Assignment 3: Designing methods for Complex Data, Practice with Lists and Trees, Drawing
Goals: Practice working with lists. Learn to design methods and practice designing with accumulators. Learn to use the image library.
3.1 Instructions
the names of classes,
the names and types of the fields within classes,
the names, types and order of the arguments to the constructor,
the names, types and order of arguments to methods, or
filenames,
Make sure you follow the style guidelines that handin enforces. For now the most important ones are: using spaces instead of tabs, indenting by 2 characters, following the naming conventions (data type names start with a capital letter, names of fields and methods start with a lower case letter), and having spaces before curly braces.
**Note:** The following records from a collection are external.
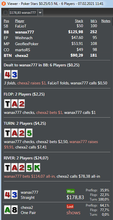 BombaZota13 @ 1.2.2021 BAHAKC, Интересно разбираешь, но лид пуш по риверу в такую доску по туз валет колить без блокера на кресту это не самая хорошая идея )) У тебя ещё и статы на него есть с 55.5 WWSD
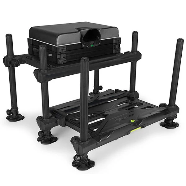 De Matrix XR36 Comp Seatbox Shadow is voorzien van een zeer fraai design en door het zwarte frame heeft deze zitkist een uitermate sportief uiterlijk. Dankzij de 36 mm brede poten staat de XR36 Comp Seatbox Shadow zeer stabiel en door het aluminium frame is hij toch zeer licht. Daarnaast heeft deze kist een comfortabele zitting en veel opbergruimte. De Matrix XR36 Comp Seatbox Shadow is voorzien van zes telescopische poten met grote moddervoeten en een verwijderbare schouderband.
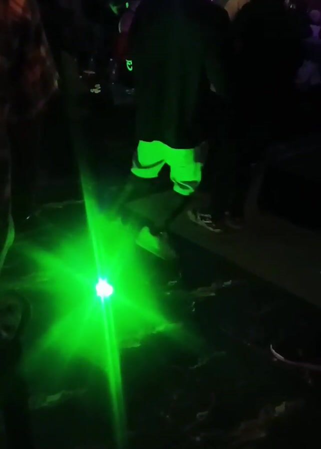 dimly lit indoor setting, possibly a club or party, with several people moving in the background. The scene is dominated by a green and then blue light source that casts strong, starburst-shaped rays on the dark floor. The floor appears to have a marble or textured pattern. One person, seen from behind, is wearing dark clothing, light-colored shorts that glow under the light, and a hat. This individual is moving or dancing. Other people are visible in the background, but their details are obscured by the low lighting.
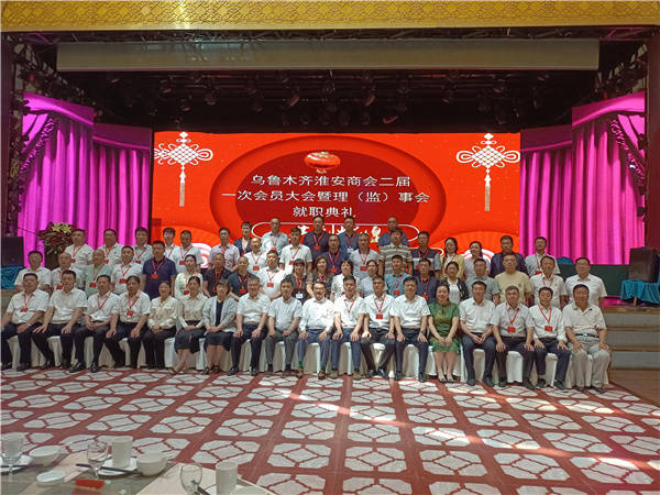 2023年7月16日上午,乌鲁木齐淮安商会第二届理(监)事会就职典礼大会,在乌鲁木齐市天山区二道桥美食歌舞大剧院4楼宴会厅如期举行。会场内外布置的庄严降重,大气磅礴,焕然一新! 10;50时许,主持人宣布:全体起立,高唱国歌。会议在雄壮的国歌声中隆重开幕。
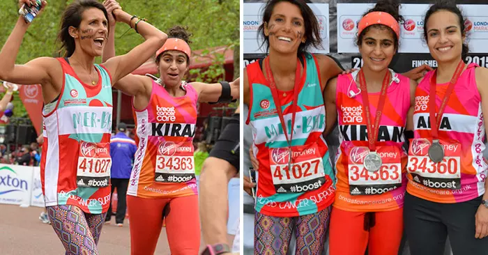 Vestida de rosa para concienciar también acerca del cáncer de mama, Kiran terminó la carrera en cuatro horas, 49 minutos y 11 segundos. Declaró que corrió a pesar de cólicos y la ansiedad del evento (para el cual se preparó durante un año), y que se sintió empoderada por haber podido hacerlo.
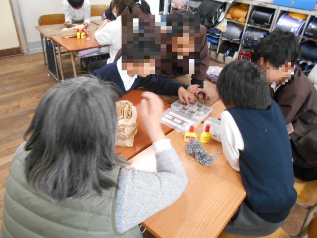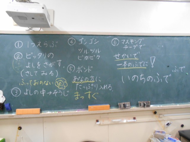 1組は4時間目に体験させていただきました。講師の先生に教えていただいた手順などを、担任の先生が黒板に書いていってくれたので、安心して制作していました。サポートの先生や地域の方もお忙しい中手伝ってくださいました。ありがとうございました。
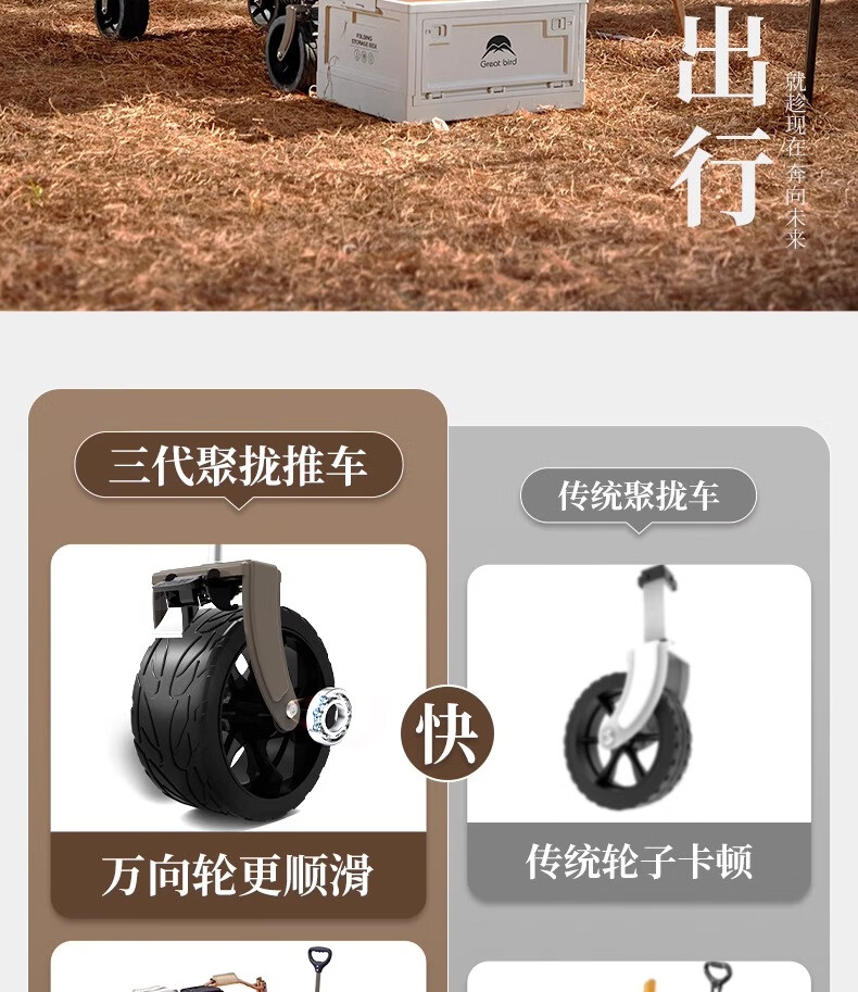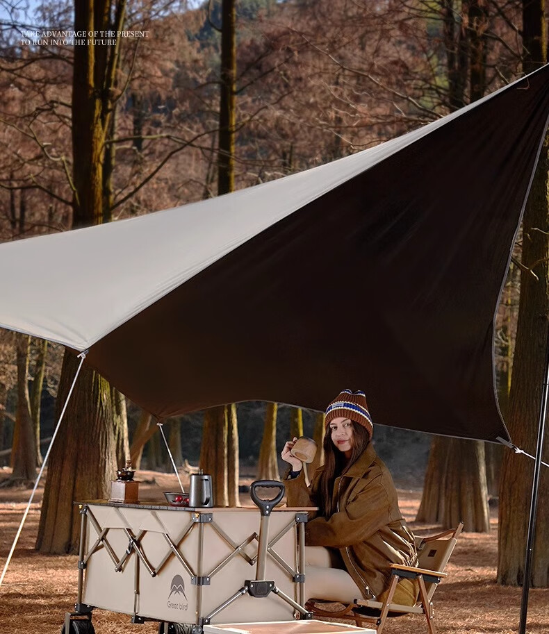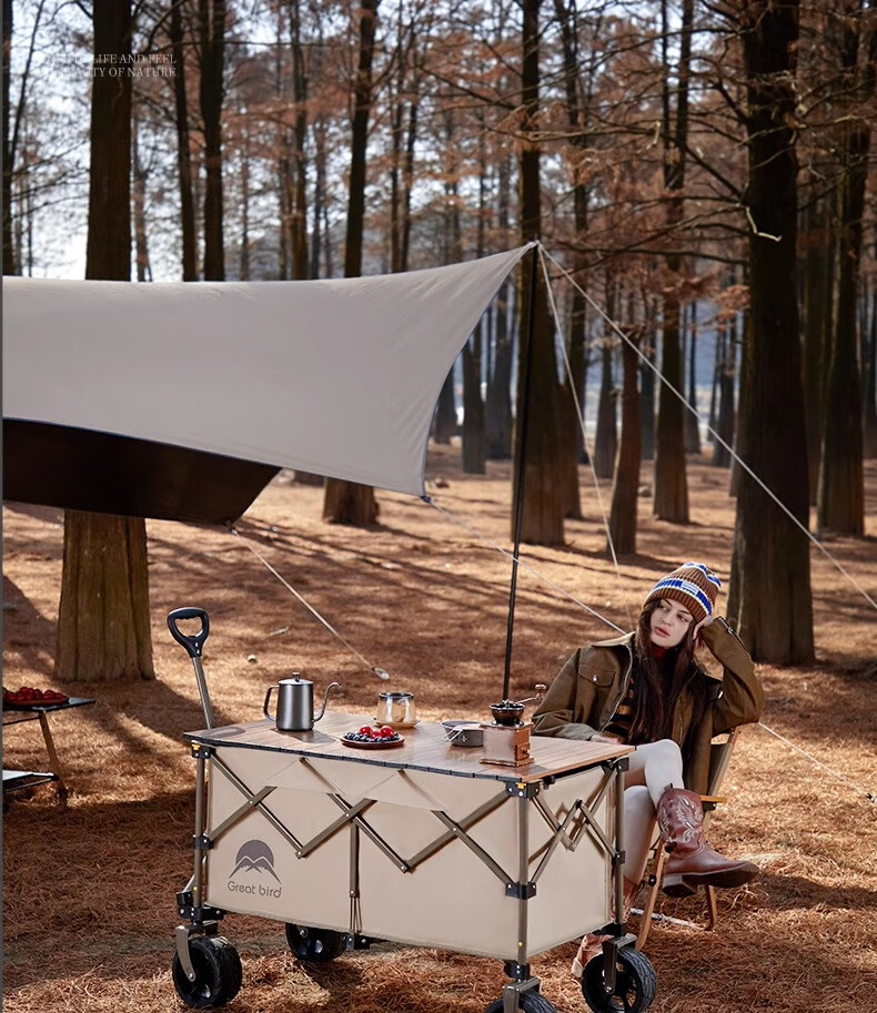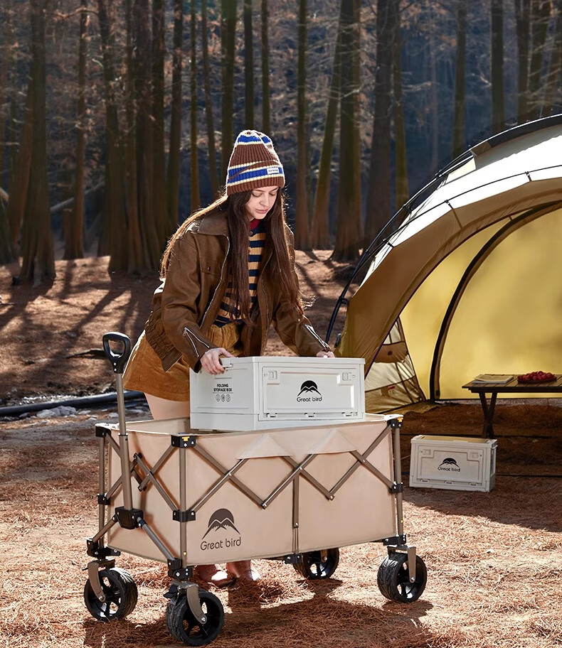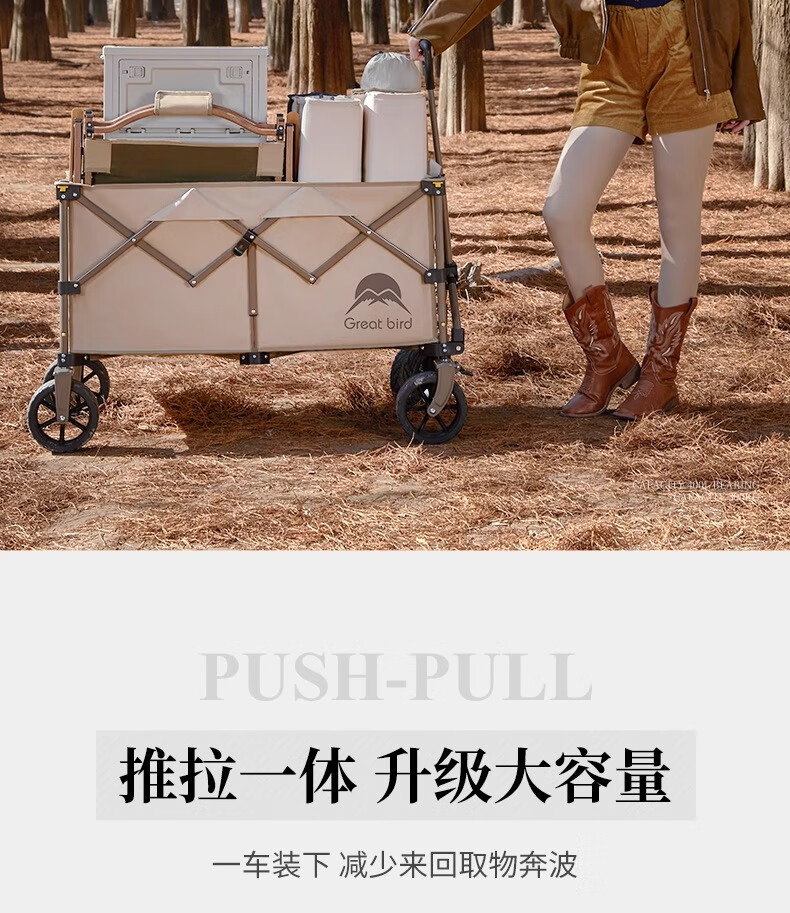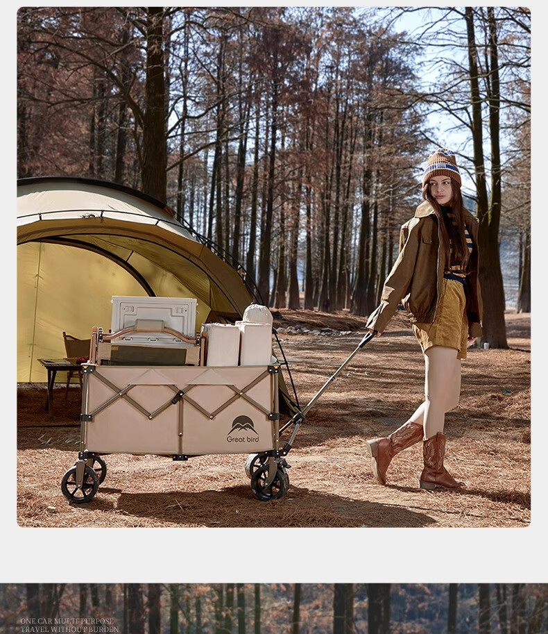 出色鸟Greatbird户外大号露营车野餐手拉旅行聚拢推车儿童可躺折叠野营地装备拖车 300L【越野轮+聚拢收纳】榛果棕

You will submit this assignment by the deadline using the handin submission system. You may submit as many times as you wish. Be aware of the fact that close to the deadline the system may have a long queue of submissions which means it takes longer for your code to be submitted - so try to finish early.
There will be a separate submission for each problem - it makes it easier to grade each problem, and to provide you with the feedback for each problem you work on.
Practice Problems
Work out these problems on your own. Save them in an electronic portfolio, so you can show them to your instructor, review them before the exam, use them as a reference when working on the homework assignments.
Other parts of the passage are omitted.